In skeletal tissue, there are two controversial works showing the effects of Nilotinib in bone cells and CML patients. It has been described that Nilotinib can potently inhibit osteoblast proliferation, and in patients, it decreases bone turnover and alters calcium metabolism. While this research group found that Nilotinib has a neutral or inhibitory effect on murine osteoblast differentiation [61], another group showed that it markedly suppresses the osteoblastic differentiation of human mesenchymal stromal cells [55]. Overall, these observations together with our work point out the necessity to further understand the role of Nilotinib off-target activity in non-malignant cells.

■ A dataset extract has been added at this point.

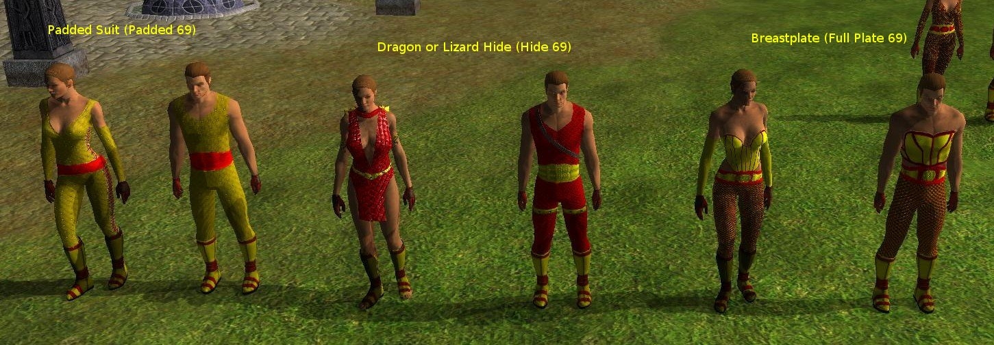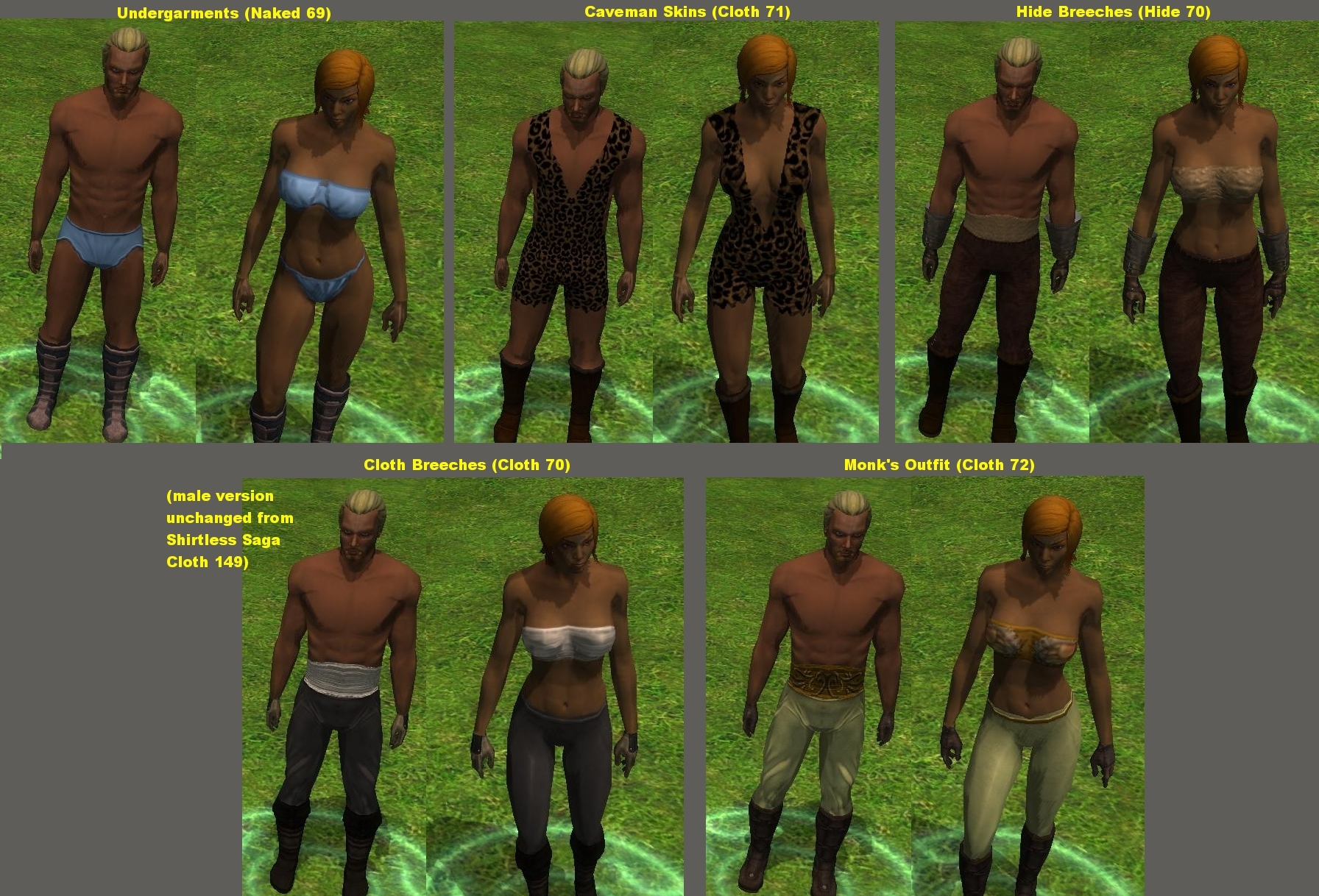 I'm getting more comfortable with retexturing, so most of the Pack 3 female outfits were made directly from Zylch's female nude base, rather than editing Aleanne's designs. Note, however, that male cloth 70 (cloth breeches) is simply a renamed version of the Shirtless Saga's cloth 150, so I deserve no credit for that one.

It is important to mention that in our study, we have not assessed the classical tyrosine kinases involved in proliferation induction and differentiation arrest described above. Nilotinib potently inhibits ABL kinases, PDGFR, BCR-ABL, KIT, and DDR1/2, all of them associated with cell proliferation and differentiation [25, 29, 62]. Additionally, Nilotinib has been reported to stimulate other kinases, such as p130Cas, FAK, and Paxillin in glioblastoma cells independently of its known targets Abl and PDGFR [48]. Off-target activity of Nilotinib has also been described for the MEK/ERK pathway in several cancer cells [37]. In our work, using different approaches, we described that p38 MAPK is an off-target of Nilotinib in myoblasts. Thus, future studies are needed to find other specific target(s) affected by TKIs during skeletal myogenesis. We propose that Nilotinib could be affecting several kinases at the same time due to its target specificity [46]. Hence, the dissection of the molecular pathways that involve and are affected by TKIs is of fundamental importance for understanding their effects on patients.

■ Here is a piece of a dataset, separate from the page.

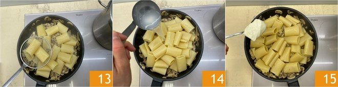 Drain them al dente and transfer them to the pan with the mushrooms 13; add a ladle of cooking water 14 and the stracchino 15.

Finally, our results show potential unexpected adverse effects of Nilotinib treatment on myoblasts. This drug could be a significant contributor to the muscle homeostasis defects reported by cancer patients receiving TKIs. Therefore, there is a necessity for screening the effects of TKIs on cell homeostasis and to search for disease-specific TKIs, thereby avoiding their undesirable effects in the treatment of cancer and other benign-proliferative disorders.

Conclusions

Our studies indicate that Nilotinib inhibits skeletal muscle cell differentiation, particularly the myoblast-to-myotube transition, by decreasing the levels of myogenin and MyoD and reducing myotube formation. Moreover, we found that Nilotinib induces myoblast proliferation, causing impairments on myoblasts cell-cycle withdrawal through the activation of ERK1/2 and AKT pathways. Finally, we found that p38 MAPK is a new off-target of Nilotinib, inhibiting p38 phosphorylation. Since TKIs have also been shown to be an efficient treatment for attenuating muscle pathology in several MD mice models, it is necessary to investigate the long-term effects of TKIs on skeletal muscle homeostasis, along with the potential detrimental effects on cell differentiation and proliferation in cancer patients receiving TKI therapies.